Поехал он в Рузу… Руза не Москва! Разыскал там ювелира, оказалось, никакой он не ювелир, а больше часовщик, хотя тоже не очень, но лавку держал. Ювелирным делом только поначалу занимался. У всех, видишь ли, лавки: и у Шевердяевых, и у Кармалина, у Зуева, на что уж купцы известные, и то… а у него на вывеске – «Магазин»… из немцев! Он за деньги-то и рассказал, что действительно в ревкоме ему перстень показывали и надписью интересовались: давно ли она сделана. Сказал, что вроде давно, ещё сказал, что вещь старинная и лучше о ней справиться у ювелира кремлевской ризницы, его якобы дальнего родственника.

И решил младший Леманн хотя бы перстень вернуть, а как – и сам ещё не знал. Вернулся в Москву – и к ювелиру; представился и сразу о перстне-то и выложил, хотя, конечно, никакой уверенности, что перстень у него, не было. Разве узнать что. Да не сразу у них сладилось-то. Леманн ему о своих предках рассказывал, то да сё, просил всё перстень фамильный показать, говорил, что из России скоро уедет.

С этим перстнем-то у них в роду предание от отца к сыну шло. Будто бы прапрадед их в Россию Лефортом был выписан в наставники русской армии. Да ничего путного из этого не вышло, так я понял, хотя и чин имел. Прадед тоже военным был и в турецкую кампанию у какого-то нАбольшего турка перстень-то и отвоевал. Откупиться тот хотел. Перстень тоже, знаешь… исторический! Якобы царей тамошних. Во как! И умудрился, запамятовал уж через кого, самому Потёмкину поднести, а тот храбреца пожелал видеть, за подвиг перстень вернул и велел надпись на нем сделать. Только слова все никак не умещались, и решили тогда одни первые буквы вырезать. Вот надпись-то чудная и получилась. Об этом, говорит, даже Попов писал. А кто такой – спросить не случилось… Что за слова там были, я не упомнил – речь-то больно непривычная. Вроде как даже с укоризной. Да…

Ювелир-то признался, что приходил к нему студент-недоучка, весь расхристанный, ободранный, как после драки. Аж перепугал всех! Да как не впустить, ведь при мандате! О надписи расспрашивал, о камне и приказывал перстень у него оставить. Ну, тот возражал: говорил, что к ценностям Кремля это никакого отношения не имеет. Да разве поспоришь? Вынул тот револьвер и расписку продиктовал, сказал, что некогда ревкому побрякушками заниматься, обещал скоро вернуться.

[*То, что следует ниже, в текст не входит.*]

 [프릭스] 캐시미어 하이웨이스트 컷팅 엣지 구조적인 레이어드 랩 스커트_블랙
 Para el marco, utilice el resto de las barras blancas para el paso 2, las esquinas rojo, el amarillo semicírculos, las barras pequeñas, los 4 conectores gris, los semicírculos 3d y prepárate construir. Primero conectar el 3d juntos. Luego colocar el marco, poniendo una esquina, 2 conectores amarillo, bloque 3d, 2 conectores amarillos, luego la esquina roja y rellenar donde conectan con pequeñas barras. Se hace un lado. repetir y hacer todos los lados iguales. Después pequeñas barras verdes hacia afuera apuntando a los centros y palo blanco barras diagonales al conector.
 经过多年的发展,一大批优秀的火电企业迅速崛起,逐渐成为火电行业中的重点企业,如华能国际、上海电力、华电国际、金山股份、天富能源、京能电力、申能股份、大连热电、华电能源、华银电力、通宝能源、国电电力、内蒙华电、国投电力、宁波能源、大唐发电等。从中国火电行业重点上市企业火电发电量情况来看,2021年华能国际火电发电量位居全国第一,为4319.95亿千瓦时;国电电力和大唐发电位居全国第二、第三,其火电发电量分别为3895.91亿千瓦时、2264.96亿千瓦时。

А перстень-то он так и не показал…

Однако была у ювелира коллекция копий. Все камни ризницы себе сделал и дома держал. И так ему перстень понравился, что скопировал и его и даже надпись воспроизвел. Вот он Леманну копию-то и показывал. И ведь что тот шельма придумал: уговорил какого-то вора всю коллекцию унести и ему отдать. И только он её получил, так сразу к ювелиру.

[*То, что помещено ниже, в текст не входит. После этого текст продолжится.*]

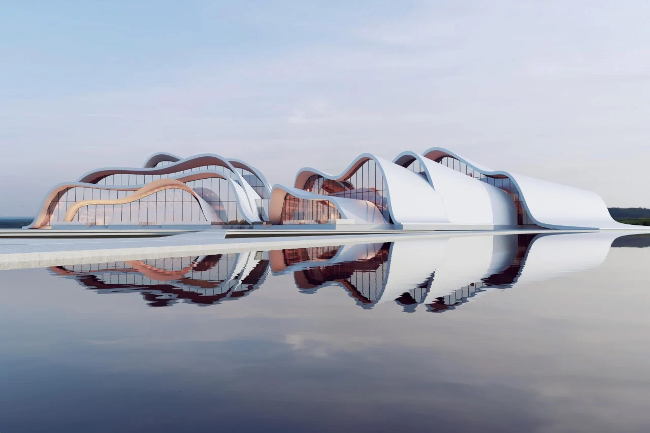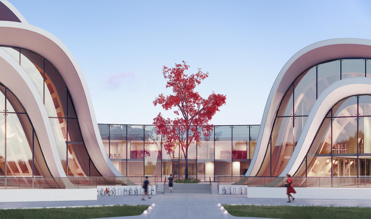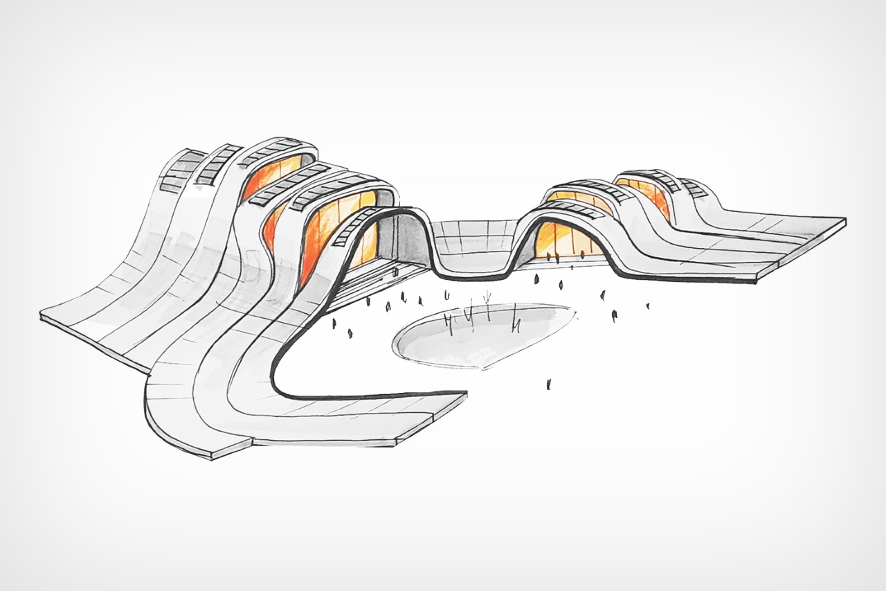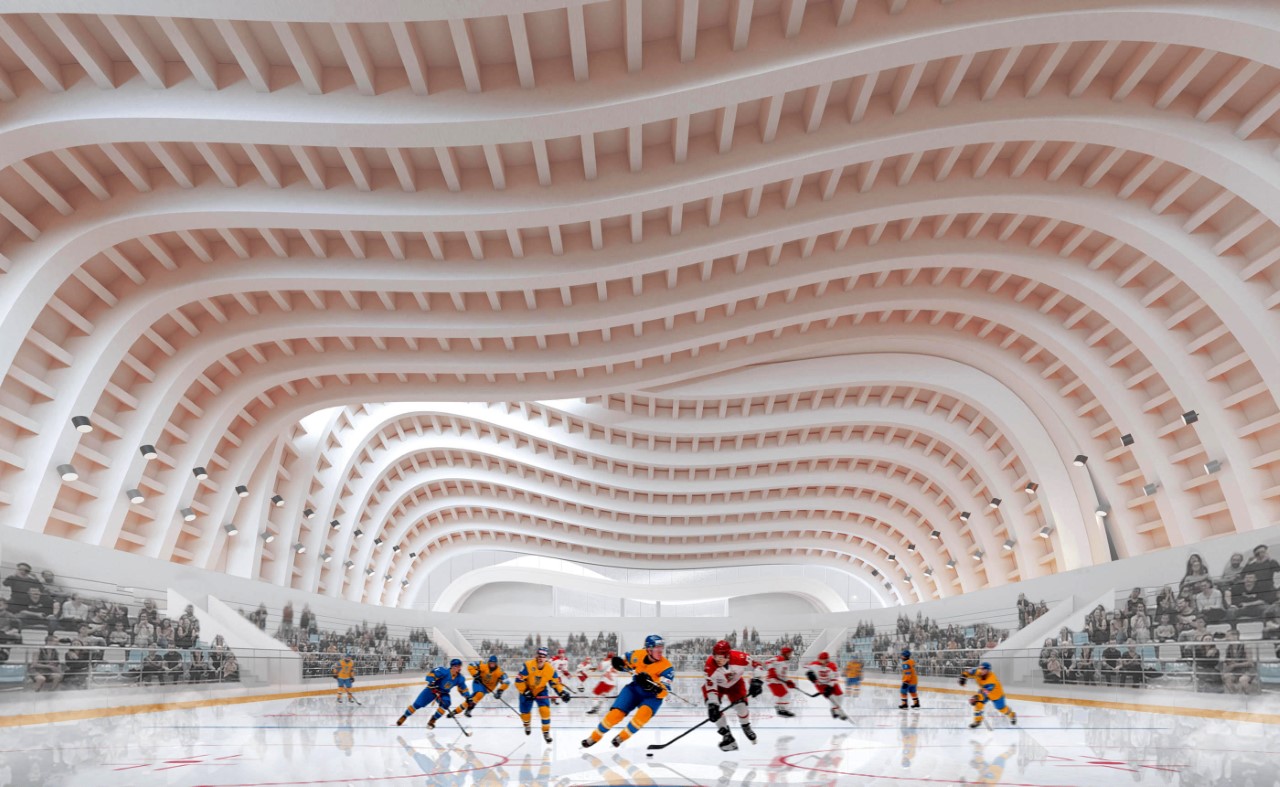 به گزارش گالري آنلاين، ويژگي برجسته طرح معماري فوق سيال محل برگزاري است. طراحي روان و ارگانيک به نظر مي رسد که يادآور مرکز حيدر علي اف با طراحي زاها حديد در آذربايجان است – يکي از نمادين ترين ساختمان هاي زمان ما. مرکز يخ داراي لايه هاي متعددي از نماهاي روان است که با مشاهده از جلو، جلوه اي سه بعدي ايجاد مي کند. تقريباً شبيه يک رشته کوه يا تپه هاي شني به نظر مي رسد که از طريق منحني هاي ملايم تراشيده شده شگفت انگيز خود، جلوه اي از عمق و سياليت را مي دهد. رودخانه اي در کنار اين مجموعه، انعکاس معکوس زيبايي از سازه را ارائه مي دهد، تقريباً يک موج صوتي ايجاد مي کند و عنصر «موجي» را که معمار به دنبال آن بود، تقويت مي کند.

– Проститься, – говорит, – пришел. Россию покидаю.

Ну, и на стол поставил, наверное.

– Хочу, – говорит, – последний раз на фамильное взглянуть. А ювелир чуть не плачет:

– Ограбили! Коллекцию унесли!

Леманн у него потихоньку выпытывать стал: не заявлял ли он куда о пропаже. Ювелир не заявлял – камни-то ненастоящие. Да и заяви – себе дороже будет.

Братец-то ему всё о своем, о перстне. А когда хозяин захмелел, то и согласился незаметно его в хранилище провести. Пришли они: ювелир на камни смотрит, причитает, а перстень отдельно хранился, его Леманн взял и слезу пустил да, улучив минуту, и подменил на копию. Поплакали они да так же незаметно и вышли. Правда, Леманн-то из благодарности ювелиру коллекцию домой подкинул, а, скорее всего, подумал, что тот и так догадается, кто украл. Ювелир, небось, ещё не раз его вспомнил. Ведь в конце той зимы ризницу обокрали! Почитай, самого патриарха! Не приведи господь!

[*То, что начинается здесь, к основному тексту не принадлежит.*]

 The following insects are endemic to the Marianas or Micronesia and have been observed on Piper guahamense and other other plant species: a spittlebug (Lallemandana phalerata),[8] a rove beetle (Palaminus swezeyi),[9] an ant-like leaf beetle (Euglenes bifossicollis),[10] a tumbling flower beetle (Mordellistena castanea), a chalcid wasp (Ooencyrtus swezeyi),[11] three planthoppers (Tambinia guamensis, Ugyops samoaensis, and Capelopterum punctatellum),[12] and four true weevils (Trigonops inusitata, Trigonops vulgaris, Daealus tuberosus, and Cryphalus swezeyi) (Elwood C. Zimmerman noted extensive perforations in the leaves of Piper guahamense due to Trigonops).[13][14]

Старик медленно перекрестился.

– На тридцать миллионов золотом унесли! Вся Россия гудела. Вот я и думаю: с чего это вдруг решили Кремль обобрать? Небось, копии камней увидали, так кровь в башку-то и ударила… Леманн, кажись, тоже так думал, говорит:

– По газетам следил, что у вас тут делается. Никак не ожидал, что ризницу ограбят. Кошмар!

– А там кто его знает? К себе, конечно, не вернулся и сбежал во Францию. Чужбина, она, знаешь, не мать родная! Да… Только перстень там не смог продать: всё казалось ему, что настоящей цены никто не давал. И о кладе всё думал и догадался. А догадался – и сам не рад… Точно обезумел, говорит. Так-то, брат ты мой! И решил он всё фамильное во что бы то ни стало забрать. Да только, говорит, сразу всё не так пошло, как кто сглазил! Ну, при переходе границы и ранили его.

Владимир Кузьмич снова заварил чай и продолжал:

– А когда понял, что не суждено ему фамильным-то владеть, так всё выговориться хотел, доказать всё чего-то пытался. Предков вспомнил, брата, себя жалел, говорил, большими людьми стать могли. Вот вся сила в разговоры и ушла. А перед самой смертью перстень мне сам отдал и просил только об одном: похоронить его по-людски. В Иванов день умер. Царствие ему небесное! Да похоронить-то непросто. Взял я грех на душу – за родственника приезжего его выдал. Бог милостив! Обошлось… А вскоре и братья погибли…

Старик, беззвучно шевеля губами, перекрестился. Помолчали. Чувствовалось, он устал.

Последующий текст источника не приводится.